§ PROBLEM DETAILS
Leaving the pictures aside, return the listing exactly as it appears.

** Opening INPUT DATA block **

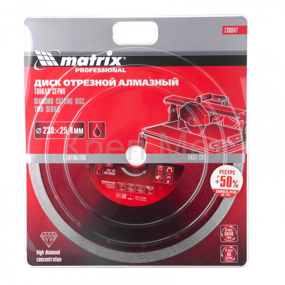Тонкий сплошной алмазный диск Matrix 230 х 25,4 мм 730847 обеспечивает мокрое резание плотных материалов: керамогранита, керамической и кафельной плитки, мрамора, натурального и искусственного камня. Он устанавливается на УШМ или плиткорезы и используется с применением водяного охлаждения. Диск увеличивает производительность на 20% благодаря небольшой толщине 2,1 мм и снижению нагрузки на инструмент.
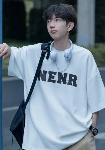 t恤男夏季日系宽松纯棉字母印花体恤重磅280g新款休闲短袖潮流ins
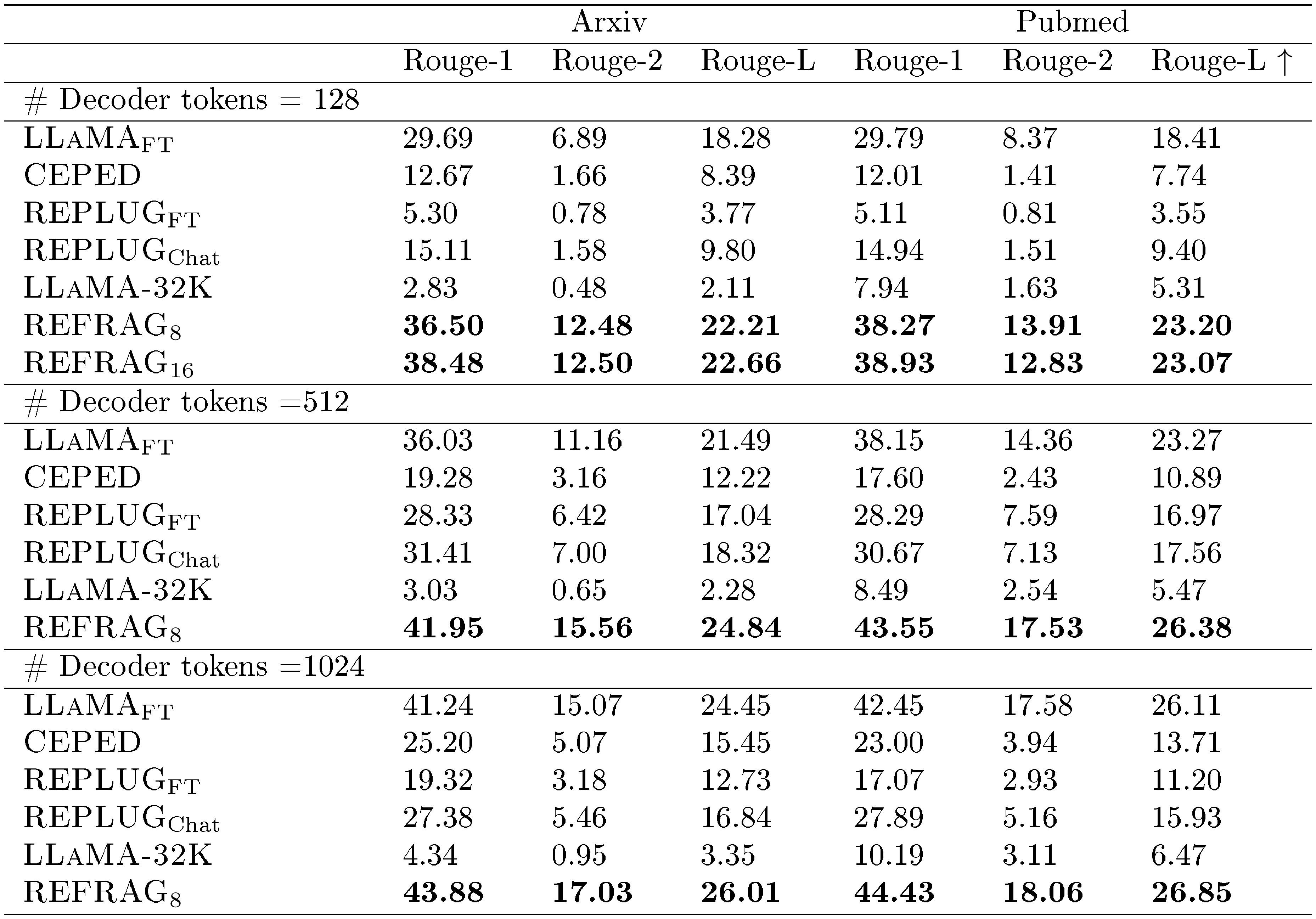 We fine-tune our model on the long document summarization dataset ([47]). This dataset contains long scientific articles from Arxiv and Pubmed, and the task is to generate the abstract given the entire article. This application is challenging due to the long-context nature of the task. We fine-tune the $\textsc{REFRAG}$ and $\textsc{LLaMA}$ models on these two datasets and report the performance on the validation set. The summarization task provides an ideal condition to inspect whether it is beneficial to bring more information with compressed representation or less information without compression, since correct summarization requires complete information from the whole document.

** Closing INPUT DATA block **

§ SOLUTION FOR THIS PROBLEM
Тонкий сплошной алмазный диск Matrix 230 х 25,4 мм 730847 обеспечивает мокрое резание плотных материалов: керамогранита, керамической и кафельной плитки, мрамора, натурального и искусственного камня. Он устанавливается на УШМ или плиткорезы и используется с применением водяного охлаждения. Диск увеличивает производительность на 20% благодаря небольшой толщине 2,1 мм и снижению нагрузки на инструмент.
 t恤男夏季日系宽松纯棉字母印花体恤重磅280g新款休闲短袖潮流ins
 We fine-tune our model on the long document summarization dataset ([47]). This dataset contains long scientific articles from Arxiv and Pubmed, and the task is to generate the abstract given the entire article. This application is challenging due to the long-context nature of the task. We fine-tune the $\textsc{REFRAG}$ and $\textsc{LLaMA}$ models on these two datasets and report the performance on the validation set. The summarization task provides an ideal condition to inspect whether it is beneficial to bring more information with compressed representation or less information without compression, since correct summarization requires complete information from the whole document.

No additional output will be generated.